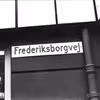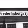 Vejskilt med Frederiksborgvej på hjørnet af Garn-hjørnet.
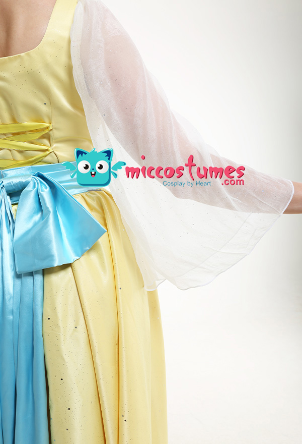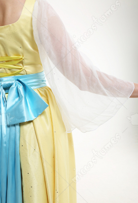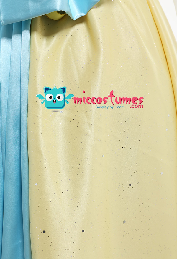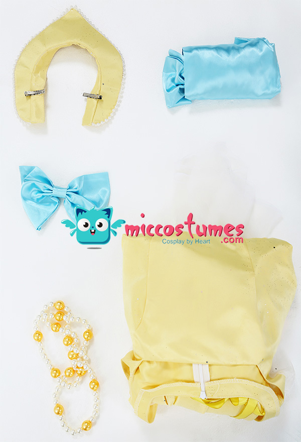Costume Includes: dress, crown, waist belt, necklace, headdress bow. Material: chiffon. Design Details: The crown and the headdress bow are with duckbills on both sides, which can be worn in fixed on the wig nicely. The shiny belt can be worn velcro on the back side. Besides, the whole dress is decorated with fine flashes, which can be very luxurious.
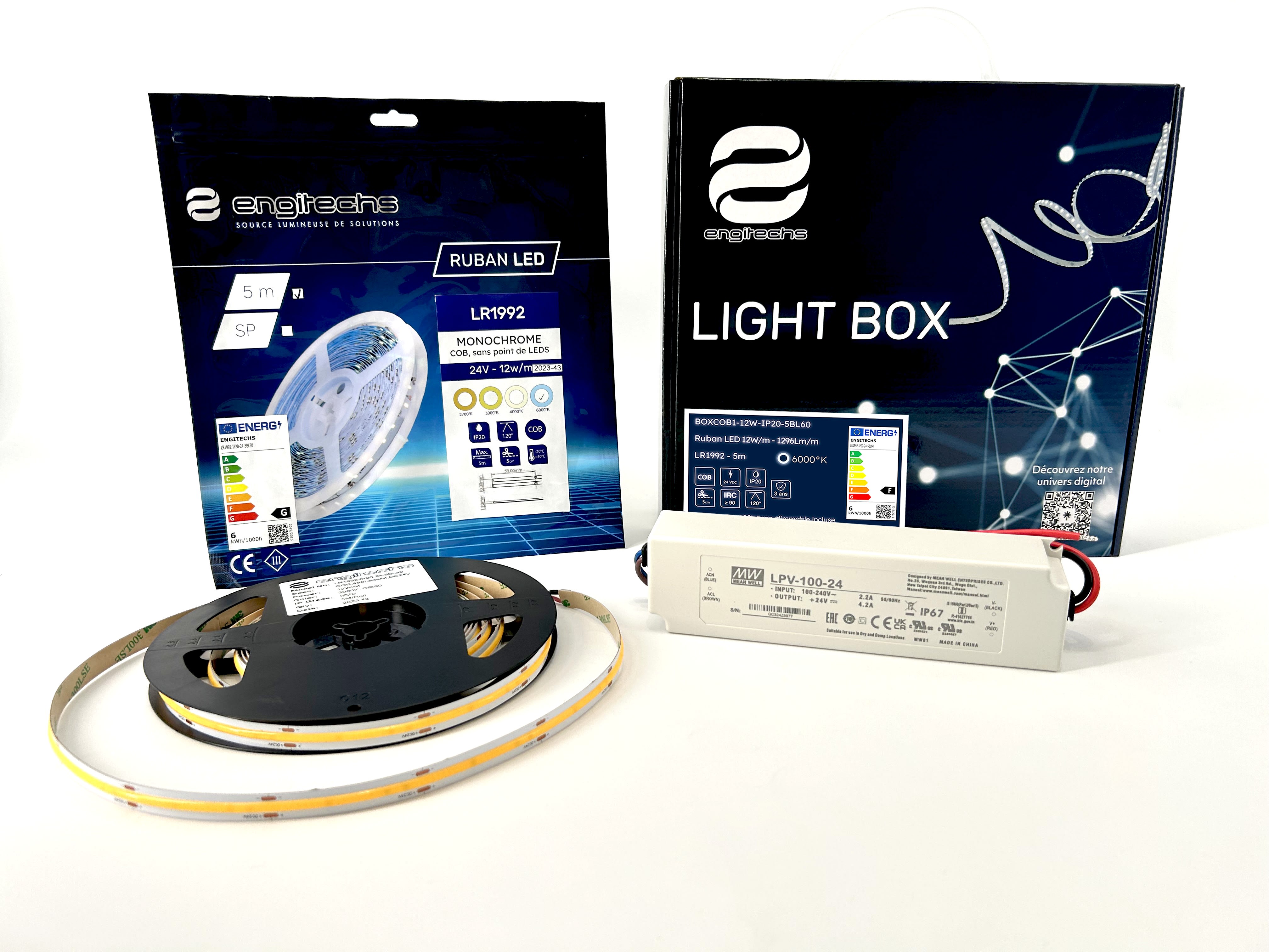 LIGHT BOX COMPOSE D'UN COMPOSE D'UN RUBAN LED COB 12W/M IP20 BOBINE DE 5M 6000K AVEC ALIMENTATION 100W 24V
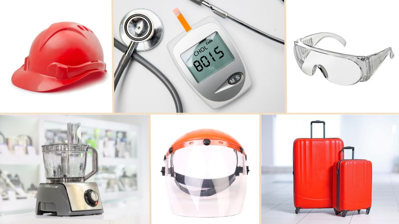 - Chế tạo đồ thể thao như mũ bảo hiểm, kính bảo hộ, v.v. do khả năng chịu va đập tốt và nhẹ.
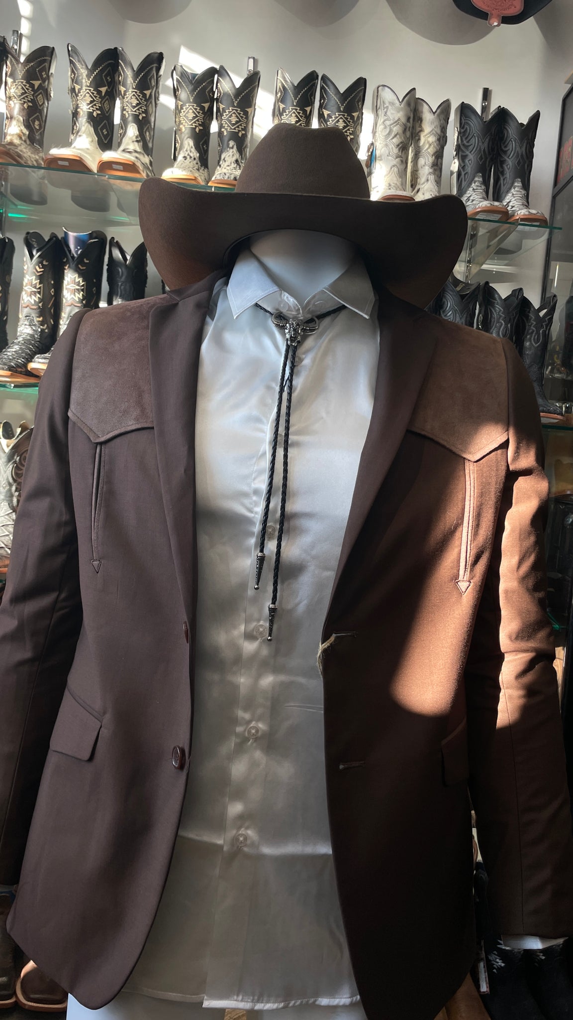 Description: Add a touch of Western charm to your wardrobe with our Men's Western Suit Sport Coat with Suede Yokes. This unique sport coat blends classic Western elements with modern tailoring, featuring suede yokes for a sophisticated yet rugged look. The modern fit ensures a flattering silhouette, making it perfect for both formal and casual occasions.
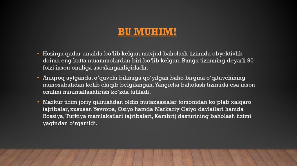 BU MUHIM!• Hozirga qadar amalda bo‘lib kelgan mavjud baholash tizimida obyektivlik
===
→ Task goal: Output the records above as they stand, from the first line to the line with "Costume Includes: dress, crown, waist", inclusive, and exclude the pictures.

→ Your solution:
 Vejskilt med Frederiksborgvej på hjørnet af Garn-hjørnet.
Costume Includes: dress, crown, waist belt, necklace, headdress bow. Material: chiffon. Design Details: The crown and the headdress bow are with duckbills on both sides, which can be worn in fixed on the wig nicely. The shiny belt can be worn velcro on the back side. Besides, the whole dress is decorated with fine flashes, which can be very luxurious.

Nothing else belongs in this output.